§ Task statement
Beginning with the line in which "public static void" appears, transcribe each line word for word until the records end. Do not include pictures.

** Opening Records for this exercise block **

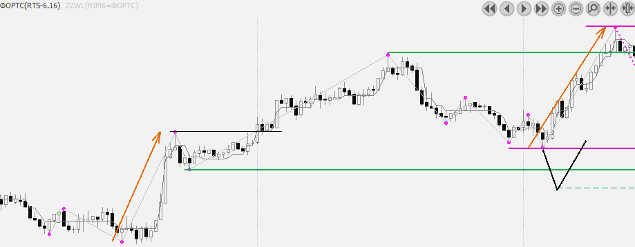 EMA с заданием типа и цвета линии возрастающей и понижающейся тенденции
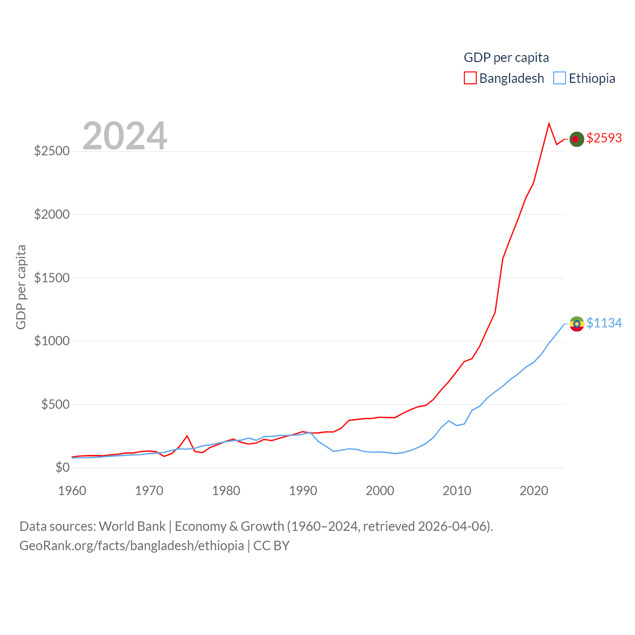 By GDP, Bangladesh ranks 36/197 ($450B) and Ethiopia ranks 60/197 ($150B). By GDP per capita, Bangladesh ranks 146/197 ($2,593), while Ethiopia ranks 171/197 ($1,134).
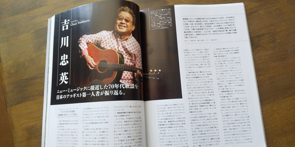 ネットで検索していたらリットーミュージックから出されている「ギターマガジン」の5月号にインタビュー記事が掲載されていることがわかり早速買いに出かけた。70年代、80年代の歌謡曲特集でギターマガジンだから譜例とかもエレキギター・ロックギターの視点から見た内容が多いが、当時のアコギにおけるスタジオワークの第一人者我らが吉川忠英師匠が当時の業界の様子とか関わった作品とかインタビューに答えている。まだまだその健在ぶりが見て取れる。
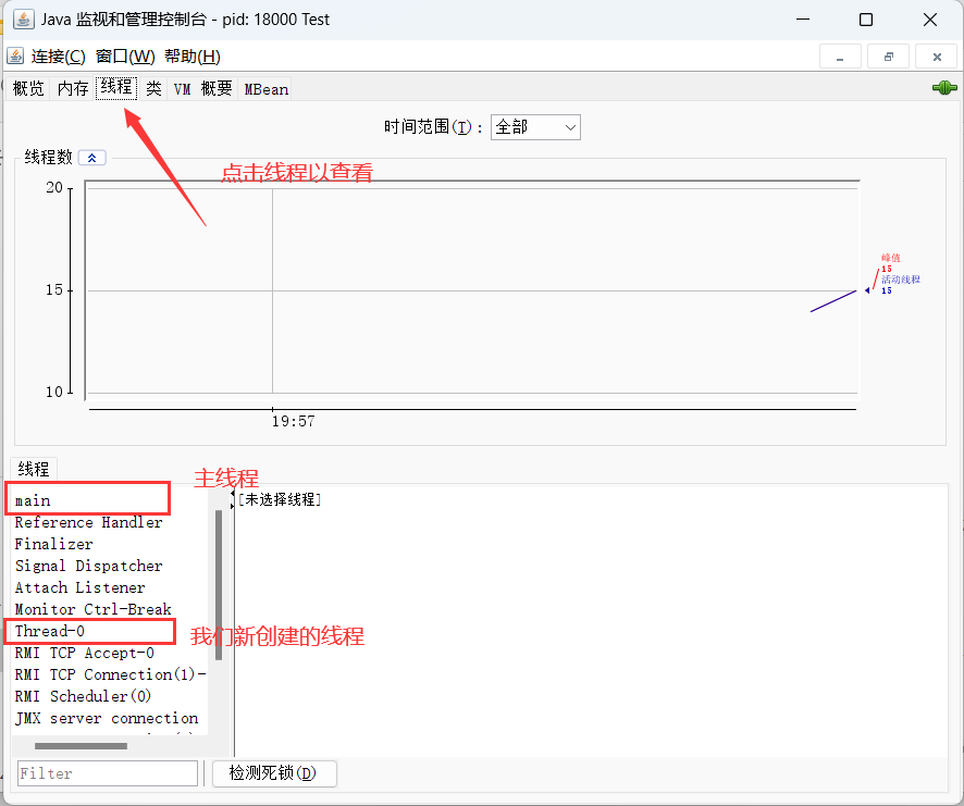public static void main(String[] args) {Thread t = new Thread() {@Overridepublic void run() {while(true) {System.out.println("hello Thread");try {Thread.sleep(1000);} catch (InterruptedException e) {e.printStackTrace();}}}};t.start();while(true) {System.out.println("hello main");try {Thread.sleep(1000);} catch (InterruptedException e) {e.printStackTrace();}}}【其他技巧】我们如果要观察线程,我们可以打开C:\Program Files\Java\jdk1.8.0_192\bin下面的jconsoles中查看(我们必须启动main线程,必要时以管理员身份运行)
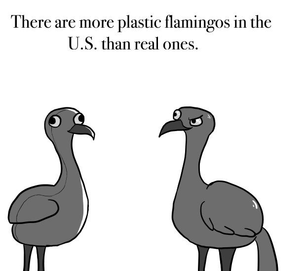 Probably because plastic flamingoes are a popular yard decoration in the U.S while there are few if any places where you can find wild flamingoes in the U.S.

** Closing Records for this exercise block **

§ Result for this exercise
public static void main(String[] args) {Thread t = new Thread() {@Overridepublic void run() {while(true) {System.out.println("hello Thread");try {Thread.sleep(1000);} catch (InterruptedException e) {e.printStackTrace();}}}};t.start();while(true) {System.out.println("hello main");try {Thread.sleep(1000);} catch (InterruptedException e) {e.printStackTrace();}}}【其他技巧】我们如果要观察线程,我们可以打开C:\Program Files\Java\jdk1.8.0_192\bin下面的jconsoles中查看(我们必须启动main线程,必要时以管理员身份运行)
 Probably because plastic flamingoes are a popular yard decoration in the U.S while there are few if any places where you can find wild flamingoes in the U.S.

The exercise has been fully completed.